What to work on: Look through the entries below and copy exactly the part that begins with the line containing "Veja o dentro" and ends with the line containing "The colophon also". Do not copy the pictures.
[Information supplied]
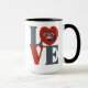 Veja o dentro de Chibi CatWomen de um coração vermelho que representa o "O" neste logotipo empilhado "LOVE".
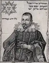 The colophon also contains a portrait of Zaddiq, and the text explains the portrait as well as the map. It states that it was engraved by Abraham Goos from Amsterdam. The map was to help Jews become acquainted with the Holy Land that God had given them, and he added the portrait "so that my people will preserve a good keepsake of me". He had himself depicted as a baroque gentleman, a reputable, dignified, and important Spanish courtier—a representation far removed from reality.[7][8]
[/Information supplied]
[Information supplied]
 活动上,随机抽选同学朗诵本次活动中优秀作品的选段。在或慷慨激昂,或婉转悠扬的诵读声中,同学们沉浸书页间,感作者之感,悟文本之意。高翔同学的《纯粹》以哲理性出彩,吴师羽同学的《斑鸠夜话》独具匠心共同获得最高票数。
[/Information supplied]
Response to this task:
 Veja o dentro de Chibi CatWomen de um coração vermelho que representa o "O" neste logotipo empilhado "LOVE".
 The colophon also contains a portrait of Zaddiq, and the text explains the portrait as well as the map. It states that it was engraved by Abraham Goos from Amsterdam. The map was to help Jews become acquainted with the Holy Land that God had given them, and he added the portrait "so that my people will preserve a good keepsake of me". He had himself depicted as a baroque gentleman, a reputable, dignified, and important Spanish courtier—a representation far removed from reality.[7][8]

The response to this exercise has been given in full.